• _EXERCISE MATERIALS_
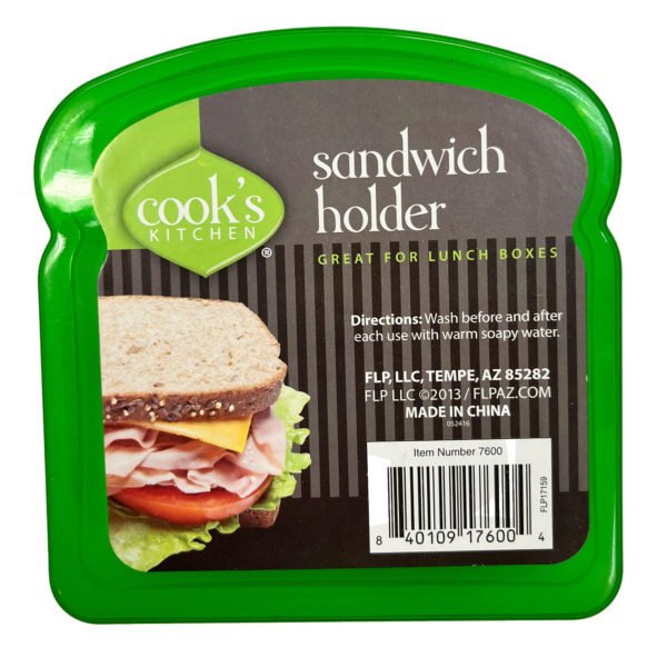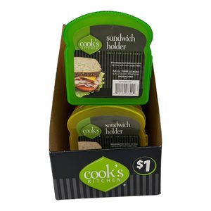 Great for picnics or just storing, use the Cooks Kitchen Sandwich Holder to keep a lunch sandwich fresh. Easy clean with warm soapy water. Reusable but should wash before use. Comes in assorted colors in a PDQ display. ,Cooks Kitchen Sandwich Holder in Assorted Colors in PDQ Display,
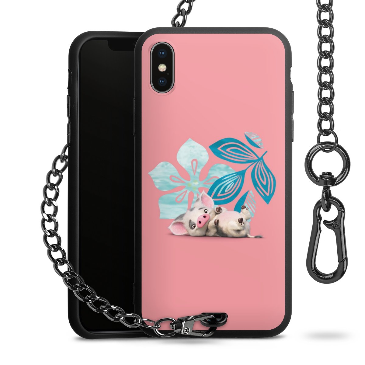 - Mattschwarze Handyhülle mit Metallkette
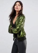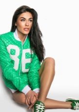 - Bomber greenWhether it is a cheerful light green or refined emerald, it requires the same life-affirming shades from the rest of things - a lemon top, skinny brown jeans, platform sneakers or a bright yellow blouse, brown corduroy skirt and matching shoes.
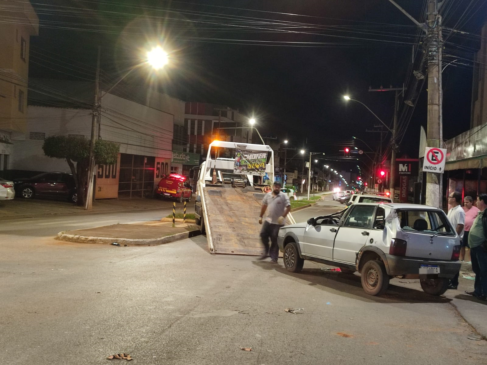 De acordo com informações da Polícia Militar, o veículo Fiat Uno seguia pela Rua Jaime Ramos quando, ao passar pelo cruzamento, foi atingido por uma motocicleta que trafegava pela Rua Major Gote. Com o impacto, o carro rodou na pista e acabou capotando, ficando com as rodas para cima.
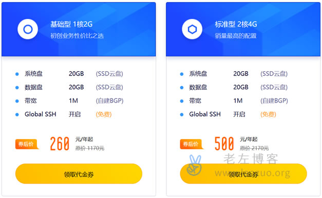 同时,还有免费20GB云存储以及SSL证书服务。在这篇文章中老左就简单分享下新上线的活动,对于他们家的产品原价确实是比较高的,相比阿里和腾讯云没有优势,但是折扣后还是可以的。之前老左参与的一台香港云主机搭建个网站还是可以用的。如果对于带宽要求较高,那肯定不适合,这次好像是1M带宽起步的,上次是2M带宽。
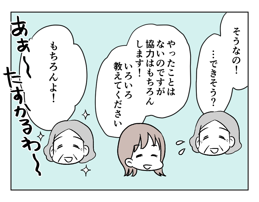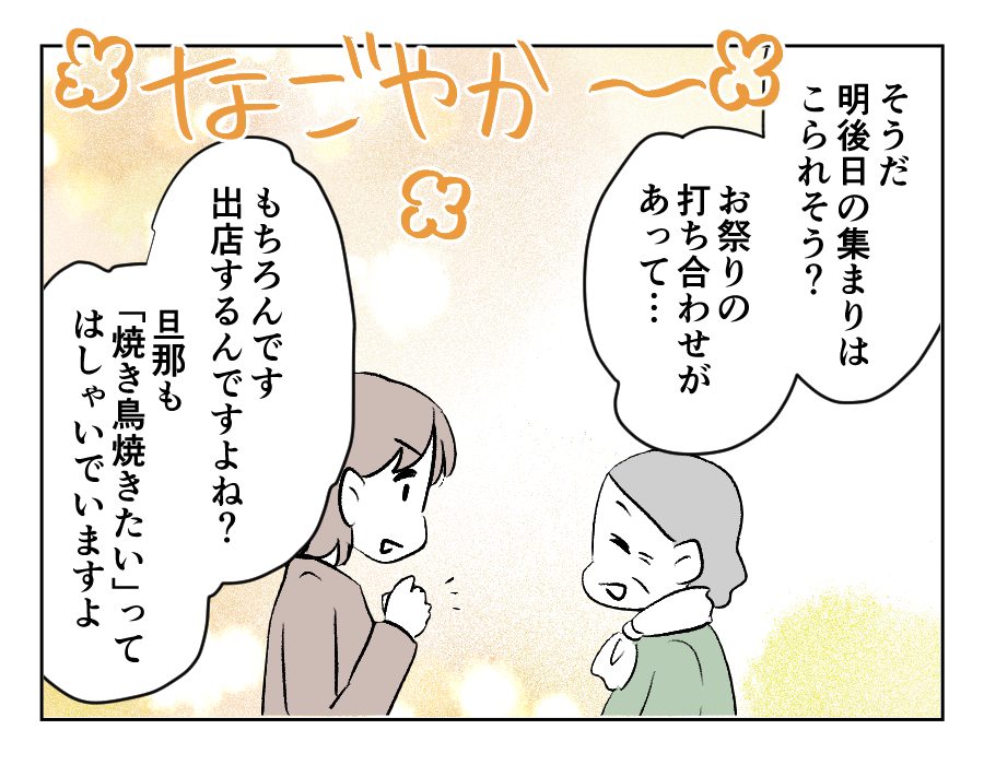 エリさんは近隣の人たちと和やかに話をしています。おすそ分けももらって、とても楽しそう。たまに井戸端会議にも参加しているようですよ。ご近所の人も、ミレイさんのときとは違い、親しみのある表情をしていますね。

• _ASSIGNMENT_
Print, exactly as written, the lines above from the first one to the one containing "- Mattschwarze Handyhülle mit Metallkette". Leave out pictures.

• _SOLUTION FOR THIS PROBLEM_
 Great for picnics or just storing, use the Cooks Kitchen Sandwich Holder to keep a lunch sandwich fresh. Easy clean with warm soapy water. Reusable but should wash before use. Comes in assorted colors in a PDQ display. ,Cooks Kitchen Sandwich Holder in Assorted Colors in PDQ Display,
 - Mattschwarze Handyhülle mit Metallkette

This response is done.